As a student, I have been using OOo since 2003. I must agree that it has all the features required by me till date. Most of the assignments required me to be submitted in PDF. OOo’s PDF export did trick for me. OOo has all the basic formatting I need.
Even for submitting printed reports, I have used PDF exporter so that I could print my documents on University printers.
I have also used calc for my research purposes. I have always found it adequate. As for Impress, I have not used it much.
I personally feel that OOo has all the basic features required by student like me. The best feature is that it runs on FreeBSD and Linux :-).
I am really looking forward for 2.0 version. Beta releases have been pretty impressive.
If you want a bloat of features that you don’t need, and to use up a lot of your HDD hard drive space, then go ahead and by all means use MS Office.
Perhaps you’ve never heard of MS Office Custom install, where you pick and choose which features you want. It even lets you not load the feature until the first use. Not surprising you FOSS guys don’t know this. Try dusting off your wallets and buying a copy of MS Office before you bash it…
Actually, I find the equator editor in OOo severly lacking and slow, perhaps you had a bad first expirience with LaTeX, but once you’ve learnt it is much easier to use than any word processor.

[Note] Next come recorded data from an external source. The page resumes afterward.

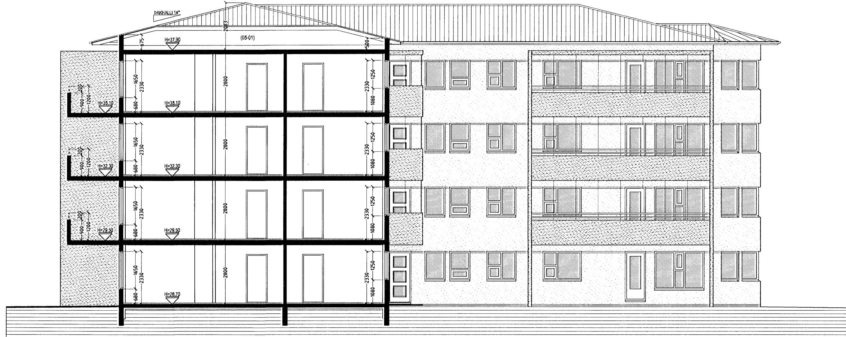
SNID A-A MKV. 1:100.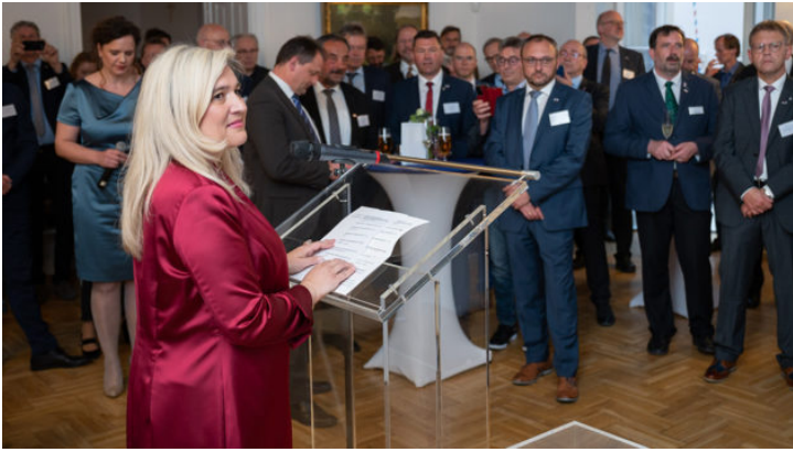
Bayerisch-tschechischer Tag der Kommunalpartnerschaften in Prag ...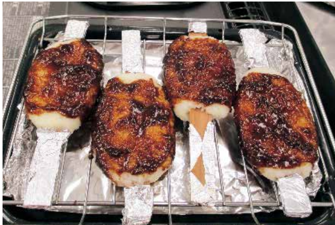
1.16 出来上がった味噌だれ五平餅

令和6年からは地域の生涯学習センター（旧 地区市民館）などを活用した、五平餅づくり講習会の開催について委員会で話し合う予定です。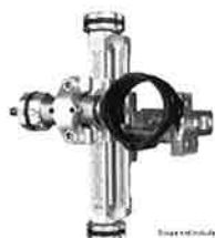
Merlin Tri-axis comp sikte

You are right, it’s not as good as MS-Office. It is better.
It actually do what I tell it to do and doesn’t try to guess my intentions (that MS-Office often fails at).
The PDF and Flash creation feature is very useful.
The autocompleation of words as I type is great.
The bibliographpy database function would be very useful to people writing academic papers and such.
As opposed to in MS-Office Images tend to end up where I want them even in long documents. And they tend to stay in the right places even if I edit the document.
It have a documented file format that esily can be used for integration with other applications.
Perhaps you’ve never heard of MS Office Custom install, where you pick and choose which features you want. It even lets you not load the feature until the first use. Not surprising you FOSS guys don’t know this. Try dusting off your wallets and buying a copy of MS Office before you bash it…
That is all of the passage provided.